◆ **EXERCISE DATA**:
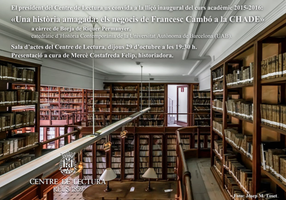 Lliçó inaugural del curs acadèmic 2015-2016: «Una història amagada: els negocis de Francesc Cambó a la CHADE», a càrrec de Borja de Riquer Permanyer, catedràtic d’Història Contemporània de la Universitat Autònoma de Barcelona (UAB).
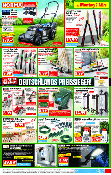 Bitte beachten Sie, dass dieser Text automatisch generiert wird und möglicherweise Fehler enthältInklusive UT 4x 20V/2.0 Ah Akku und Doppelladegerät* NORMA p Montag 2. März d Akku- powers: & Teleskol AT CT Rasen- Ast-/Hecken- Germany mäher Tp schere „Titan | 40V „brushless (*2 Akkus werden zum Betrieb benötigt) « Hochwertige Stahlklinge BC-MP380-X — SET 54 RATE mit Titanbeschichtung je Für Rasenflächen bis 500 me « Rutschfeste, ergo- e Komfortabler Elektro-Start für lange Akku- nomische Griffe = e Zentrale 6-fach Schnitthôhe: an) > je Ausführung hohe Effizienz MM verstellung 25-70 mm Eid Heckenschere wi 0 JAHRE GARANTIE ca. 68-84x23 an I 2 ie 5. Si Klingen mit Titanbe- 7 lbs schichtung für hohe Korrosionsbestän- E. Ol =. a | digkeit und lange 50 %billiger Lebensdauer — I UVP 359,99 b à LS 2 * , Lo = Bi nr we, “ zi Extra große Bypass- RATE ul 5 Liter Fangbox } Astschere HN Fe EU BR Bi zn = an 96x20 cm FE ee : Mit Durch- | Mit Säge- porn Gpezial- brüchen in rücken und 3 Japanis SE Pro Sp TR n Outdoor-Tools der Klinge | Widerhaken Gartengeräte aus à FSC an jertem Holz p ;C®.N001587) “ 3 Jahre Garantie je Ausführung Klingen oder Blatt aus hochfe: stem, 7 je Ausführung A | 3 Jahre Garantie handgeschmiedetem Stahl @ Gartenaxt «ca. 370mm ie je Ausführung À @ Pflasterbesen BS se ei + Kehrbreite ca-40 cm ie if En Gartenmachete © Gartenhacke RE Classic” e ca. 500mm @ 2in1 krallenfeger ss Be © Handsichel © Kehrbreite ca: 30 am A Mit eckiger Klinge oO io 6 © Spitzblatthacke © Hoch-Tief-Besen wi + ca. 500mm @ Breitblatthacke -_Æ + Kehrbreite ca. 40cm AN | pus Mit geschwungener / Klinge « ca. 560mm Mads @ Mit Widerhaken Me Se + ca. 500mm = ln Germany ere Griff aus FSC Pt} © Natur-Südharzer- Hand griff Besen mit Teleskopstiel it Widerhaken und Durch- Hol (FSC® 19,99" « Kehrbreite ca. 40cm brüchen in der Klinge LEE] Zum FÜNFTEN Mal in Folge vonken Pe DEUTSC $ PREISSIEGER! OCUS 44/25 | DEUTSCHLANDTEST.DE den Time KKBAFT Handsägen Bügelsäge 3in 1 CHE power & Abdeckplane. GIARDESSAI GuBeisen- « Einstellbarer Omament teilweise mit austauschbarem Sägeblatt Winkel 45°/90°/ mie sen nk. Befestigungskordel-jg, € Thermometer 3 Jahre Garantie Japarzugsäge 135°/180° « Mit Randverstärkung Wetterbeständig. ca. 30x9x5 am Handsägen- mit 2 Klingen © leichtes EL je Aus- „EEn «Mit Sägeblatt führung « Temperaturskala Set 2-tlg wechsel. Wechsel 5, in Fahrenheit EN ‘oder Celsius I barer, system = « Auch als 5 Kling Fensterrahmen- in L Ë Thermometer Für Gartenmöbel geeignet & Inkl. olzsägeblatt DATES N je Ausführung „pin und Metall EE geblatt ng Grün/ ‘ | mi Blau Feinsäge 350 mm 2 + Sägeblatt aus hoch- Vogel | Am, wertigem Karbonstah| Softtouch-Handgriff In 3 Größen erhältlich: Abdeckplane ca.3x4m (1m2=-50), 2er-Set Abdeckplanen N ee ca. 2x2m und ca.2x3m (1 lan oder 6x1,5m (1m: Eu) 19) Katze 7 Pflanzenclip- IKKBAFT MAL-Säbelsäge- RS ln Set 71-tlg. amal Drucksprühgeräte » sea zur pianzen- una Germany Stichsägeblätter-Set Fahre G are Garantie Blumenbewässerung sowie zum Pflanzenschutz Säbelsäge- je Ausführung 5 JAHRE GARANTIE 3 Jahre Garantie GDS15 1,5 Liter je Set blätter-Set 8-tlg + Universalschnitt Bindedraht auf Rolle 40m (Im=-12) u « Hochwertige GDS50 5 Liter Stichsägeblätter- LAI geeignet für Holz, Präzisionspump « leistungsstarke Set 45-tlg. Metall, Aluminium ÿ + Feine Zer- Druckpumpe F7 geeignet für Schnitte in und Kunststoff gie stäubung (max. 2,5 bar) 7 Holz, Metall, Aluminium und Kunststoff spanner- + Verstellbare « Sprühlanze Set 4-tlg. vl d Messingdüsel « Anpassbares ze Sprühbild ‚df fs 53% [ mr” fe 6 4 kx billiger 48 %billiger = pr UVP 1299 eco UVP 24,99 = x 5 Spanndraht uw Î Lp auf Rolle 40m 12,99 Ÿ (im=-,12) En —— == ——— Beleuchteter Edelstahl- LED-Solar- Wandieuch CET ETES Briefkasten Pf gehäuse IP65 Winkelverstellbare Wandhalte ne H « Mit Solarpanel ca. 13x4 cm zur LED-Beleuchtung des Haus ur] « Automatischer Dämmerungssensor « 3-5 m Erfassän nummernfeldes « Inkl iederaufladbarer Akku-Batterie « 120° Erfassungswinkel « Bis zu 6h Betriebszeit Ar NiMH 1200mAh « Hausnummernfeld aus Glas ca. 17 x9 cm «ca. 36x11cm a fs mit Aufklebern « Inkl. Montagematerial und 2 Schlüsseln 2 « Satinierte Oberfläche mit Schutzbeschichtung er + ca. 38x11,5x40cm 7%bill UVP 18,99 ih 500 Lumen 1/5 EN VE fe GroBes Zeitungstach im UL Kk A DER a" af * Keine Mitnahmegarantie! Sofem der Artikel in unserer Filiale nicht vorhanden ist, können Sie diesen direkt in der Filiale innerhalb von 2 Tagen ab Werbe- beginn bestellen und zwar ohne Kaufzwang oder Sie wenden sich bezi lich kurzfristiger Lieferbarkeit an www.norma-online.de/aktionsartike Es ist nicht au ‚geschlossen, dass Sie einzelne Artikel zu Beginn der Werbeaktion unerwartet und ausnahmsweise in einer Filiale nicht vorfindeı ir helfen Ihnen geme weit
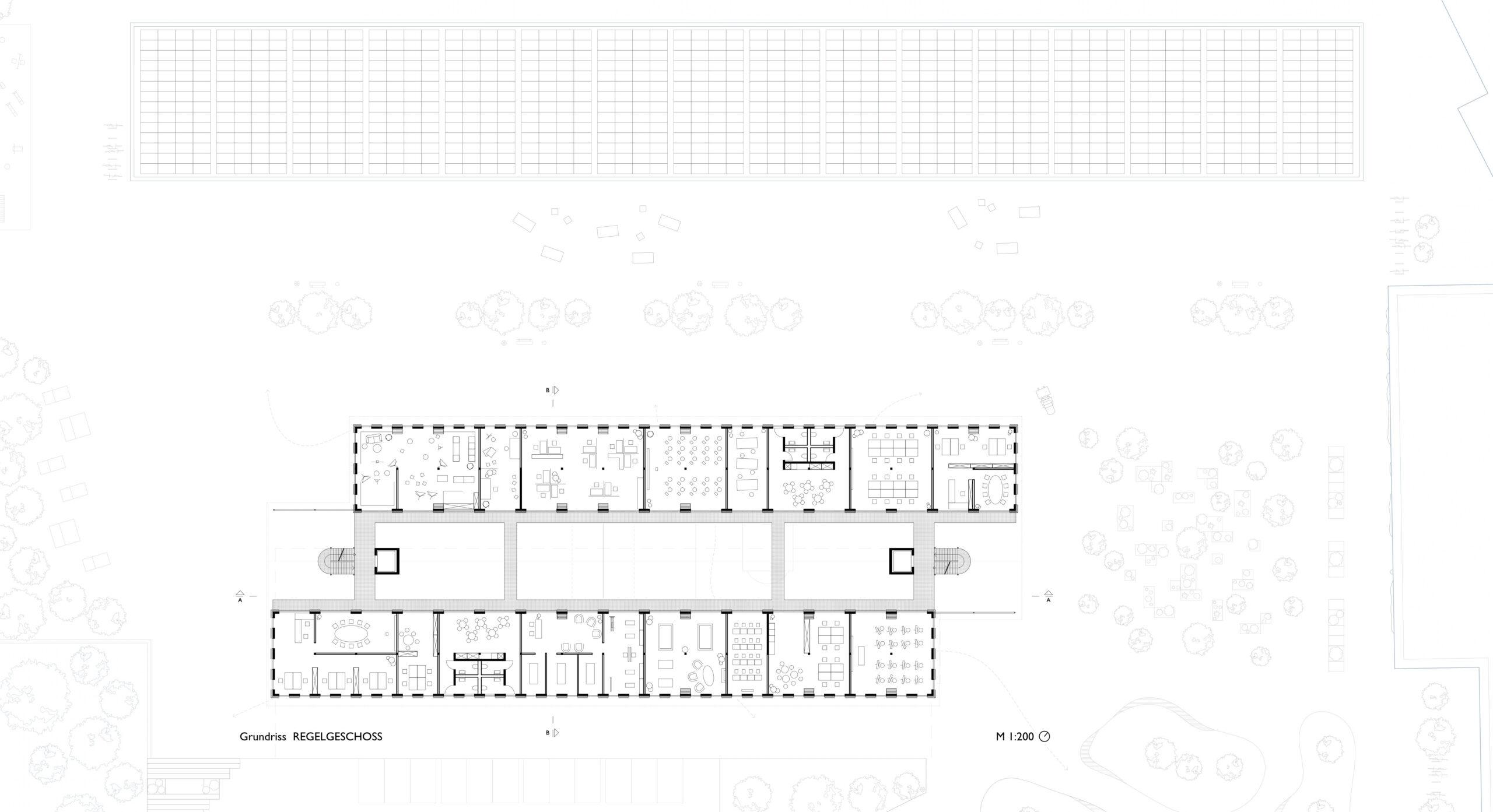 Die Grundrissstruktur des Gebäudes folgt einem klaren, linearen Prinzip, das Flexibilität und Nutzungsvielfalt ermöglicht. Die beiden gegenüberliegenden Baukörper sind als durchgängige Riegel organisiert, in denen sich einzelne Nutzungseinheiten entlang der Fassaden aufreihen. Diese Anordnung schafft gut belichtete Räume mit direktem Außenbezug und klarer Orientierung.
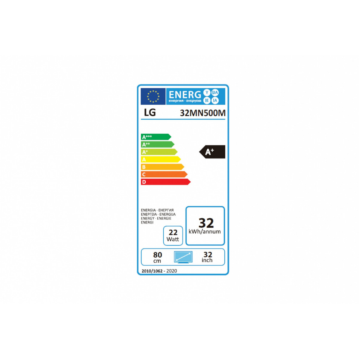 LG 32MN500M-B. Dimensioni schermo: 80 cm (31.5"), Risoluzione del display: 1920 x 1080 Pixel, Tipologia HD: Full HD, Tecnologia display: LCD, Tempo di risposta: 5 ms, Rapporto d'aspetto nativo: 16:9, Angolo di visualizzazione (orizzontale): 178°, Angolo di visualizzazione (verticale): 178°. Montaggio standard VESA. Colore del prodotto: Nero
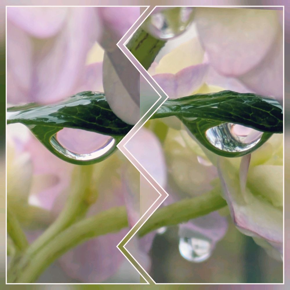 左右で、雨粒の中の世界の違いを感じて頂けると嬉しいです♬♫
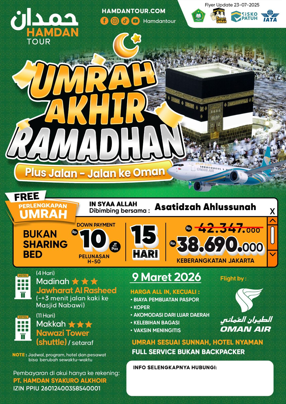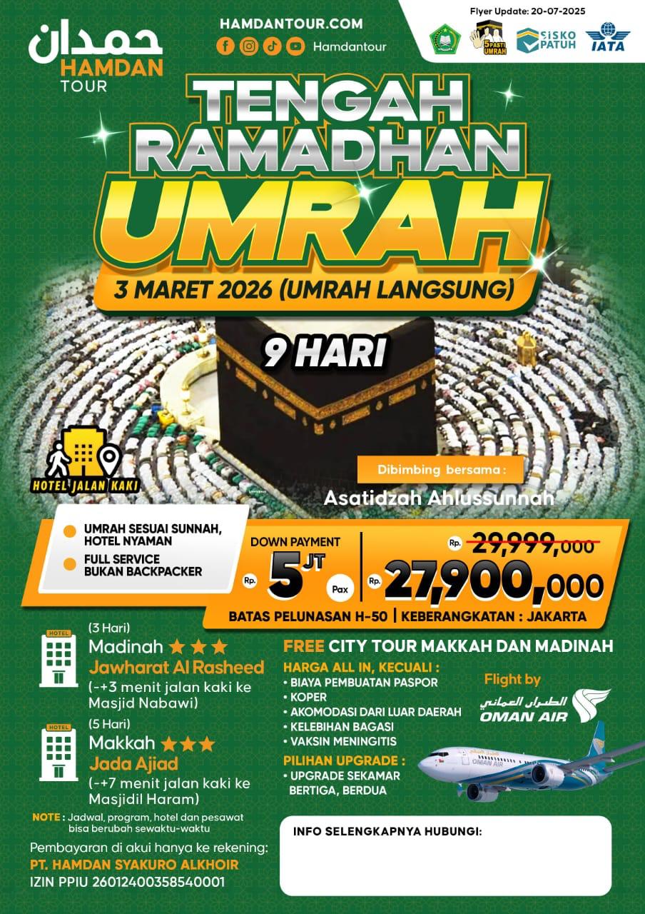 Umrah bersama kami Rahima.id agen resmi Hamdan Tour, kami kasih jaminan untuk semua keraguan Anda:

◆ **EXERCISE**:
Print the stretch of the data from the line with "LG 32MN500M-B. Dimensioni" through its last line, exactly and with both ends kept. Omit pictures.

◆ **TASK RESPONSE**:
 LG 32MN500M-B. Dimensioni schermo: 80 cm (31.5"), Risoluzione del display: 1920 x 1080 Pixel, Tipologia HD: Full HD, Tecnologia display: LCD, Tempo di risposta: 5 ms, Rapporto d'aspetto nativo: 16:9, Angolo di visualizzazione (orizzontale): 178°, Angolo di visualizzazione (verticale): 178°. Montaggio standard VESA. Colore del prodotto: Nero
 左右で、雨粒の中の世界の違いを感じて頂けると嬉しいです♬♫
 Umrah bersama kami Rahima.id agen resmi Hamdan Tour, kami kasih jaminan untuk semua keraguan Anda:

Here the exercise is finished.